Your objective
Reproduce the full listing below exactly. Do not include the pictures.

Information supplied
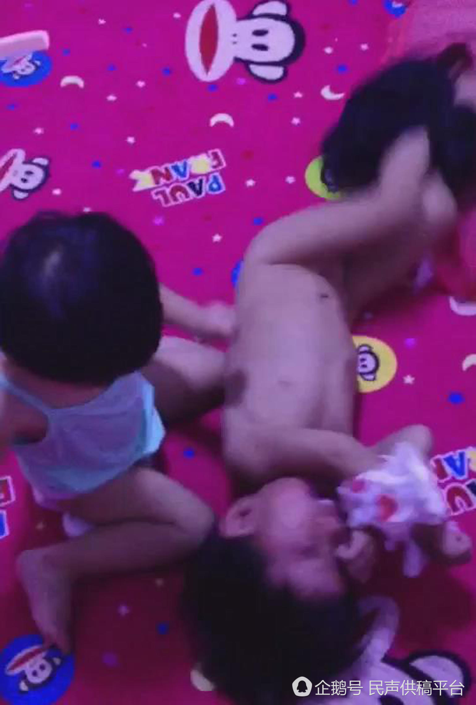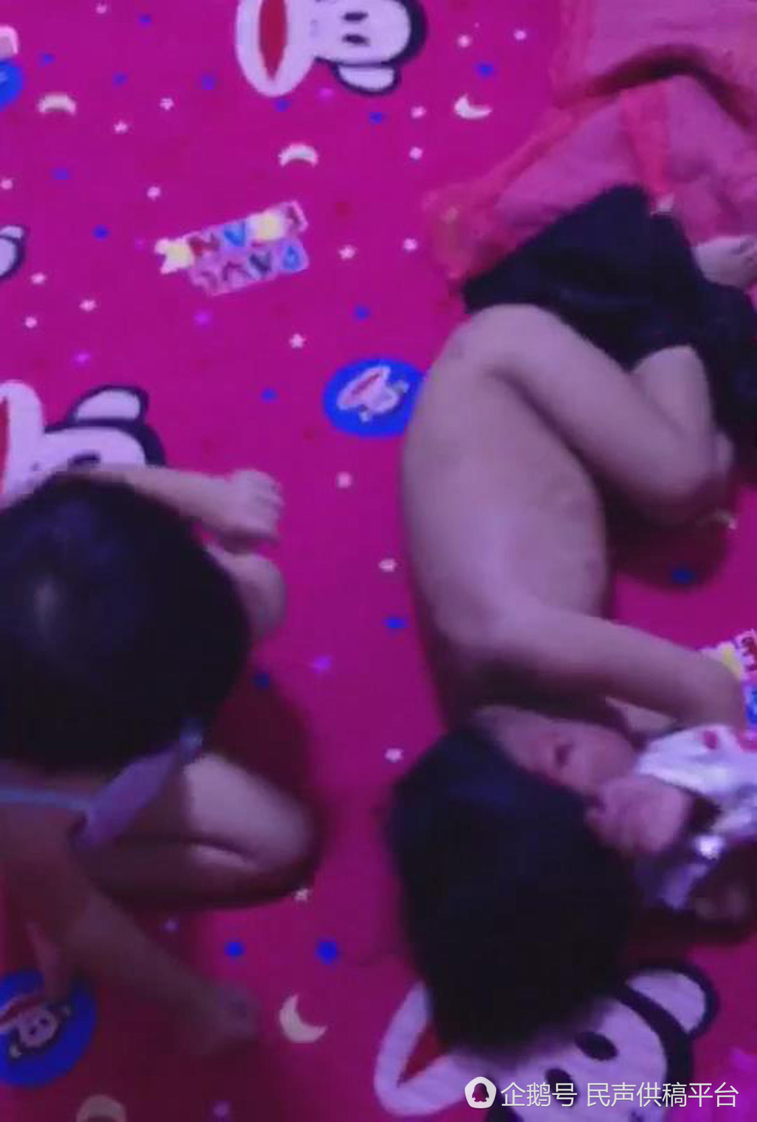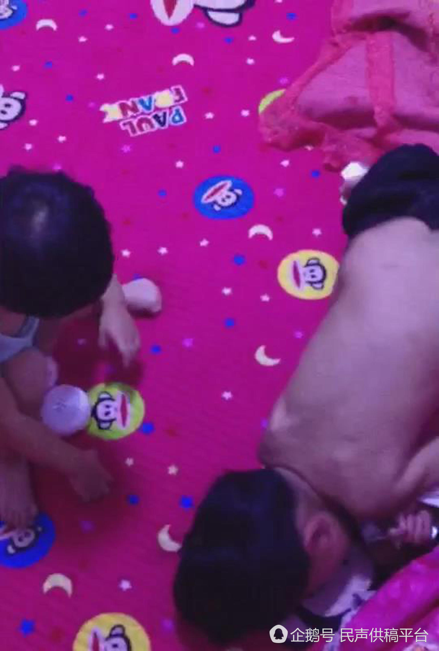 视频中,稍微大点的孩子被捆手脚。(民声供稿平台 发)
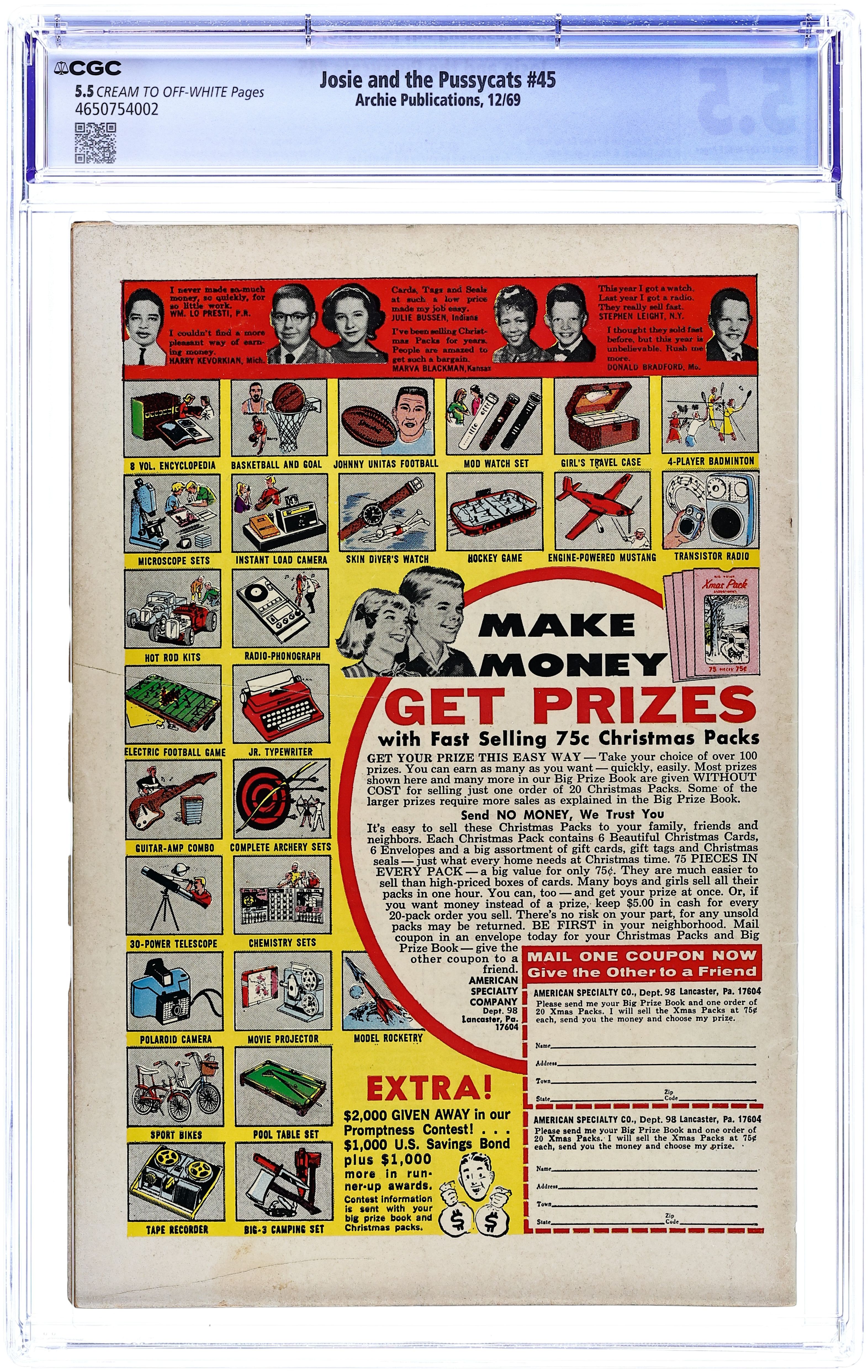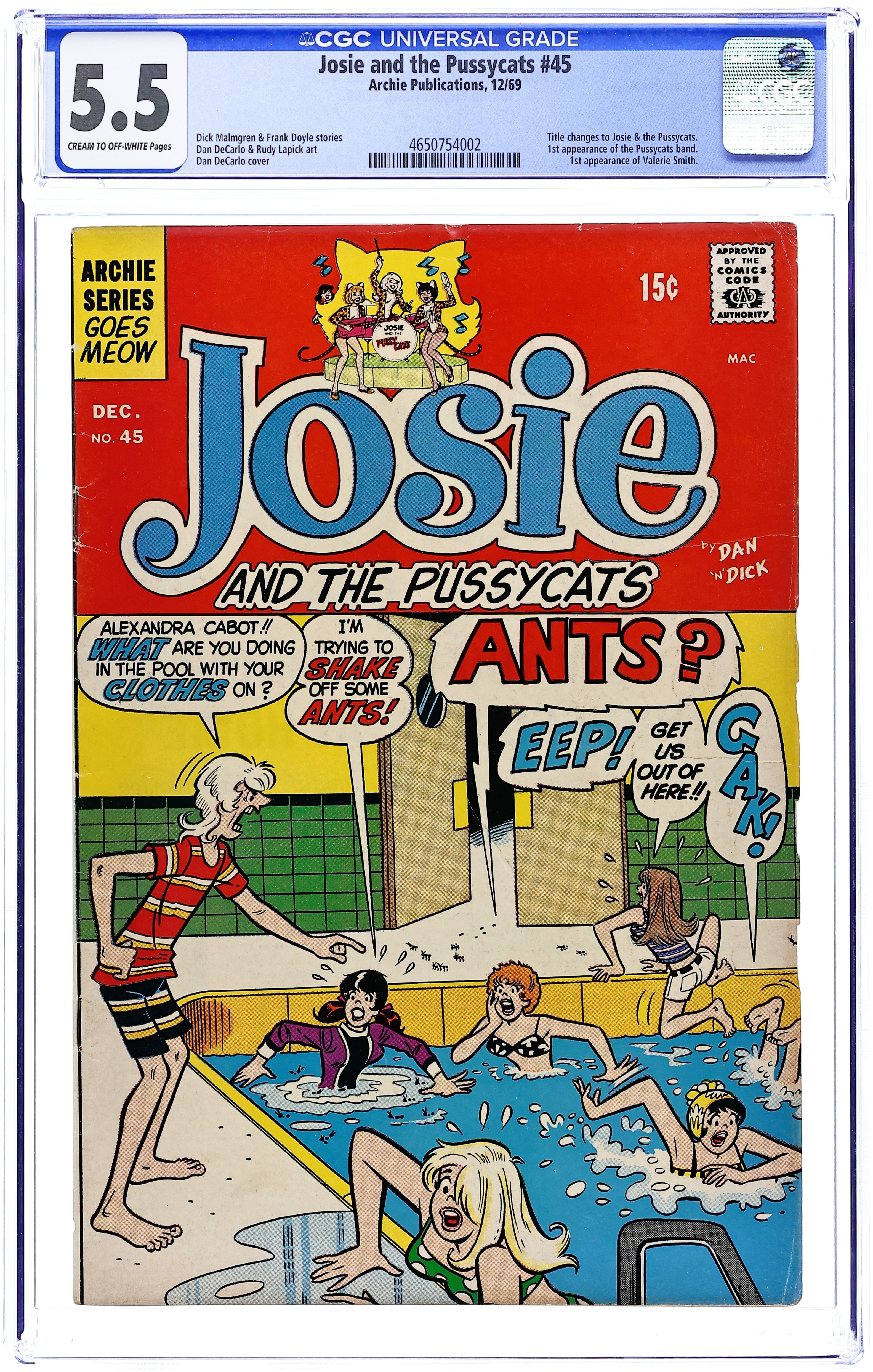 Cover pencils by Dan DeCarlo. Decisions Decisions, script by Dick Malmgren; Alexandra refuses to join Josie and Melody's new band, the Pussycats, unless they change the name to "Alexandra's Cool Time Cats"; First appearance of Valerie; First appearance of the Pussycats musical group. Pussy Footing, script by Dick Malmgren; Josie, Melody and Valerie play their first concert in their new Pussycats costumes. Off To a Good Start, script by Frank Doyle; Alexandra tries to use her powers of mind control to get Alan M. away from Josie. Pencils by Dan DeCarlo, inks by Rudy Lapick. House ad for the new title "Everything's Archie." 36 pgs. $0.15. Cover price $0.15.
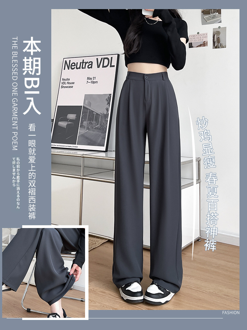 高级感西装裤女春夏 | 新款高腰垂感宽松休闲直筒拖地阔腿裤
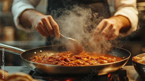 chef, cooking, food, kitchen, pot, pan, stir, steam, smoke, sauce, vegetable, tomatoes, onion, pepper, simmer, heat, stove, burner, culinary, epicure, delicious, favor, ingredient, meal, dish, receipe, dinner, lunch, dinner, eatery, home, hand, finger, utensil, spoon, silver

Exercise result
 视频中,稍微大点的孩子被捆手脚。(民声供稿平台 发)
 Cover pencils by Dan DeCarlo. Decisions Decisions, script by Dick Malmgren; Alexandra refuses to join Josie and Melody's new band, the Pussycats, unless they change the name to "Alexandra's Cool Time Cats"; First appearance of Valerie; First appearance of the Pussycats musical group. Pussy Footing, script by Dick Malmgren; Josie, Melody and Valerie play their first concert in their new Pussycats costumes. Off To a Good Start, script by Frank Doyle; Alexandra tries to use her powers of mind control to get Alan M. away from Josie. Pencils by Dan DeCarlo, inks by Rudy Lapick. House ad for the new title "Everything's Archie." 36 pgs. $0.15. Cover price $0.15.
 高级感西装裤女春夏 | 新款高腰垂感宽松休闲直筒拖地阔腿裤
 chef, cooking, food, kitchen, pot, pan, stir, steam, smoke, sauce, vegetable, tomatoes, onion, pepper, simmer, heat, stove, burner, culinary, epicure, delicious, favor, ingredient, meal, dish, receipe, dinner, lunch, dinner, eatery, home, hand, finger, utensil, spoon, silver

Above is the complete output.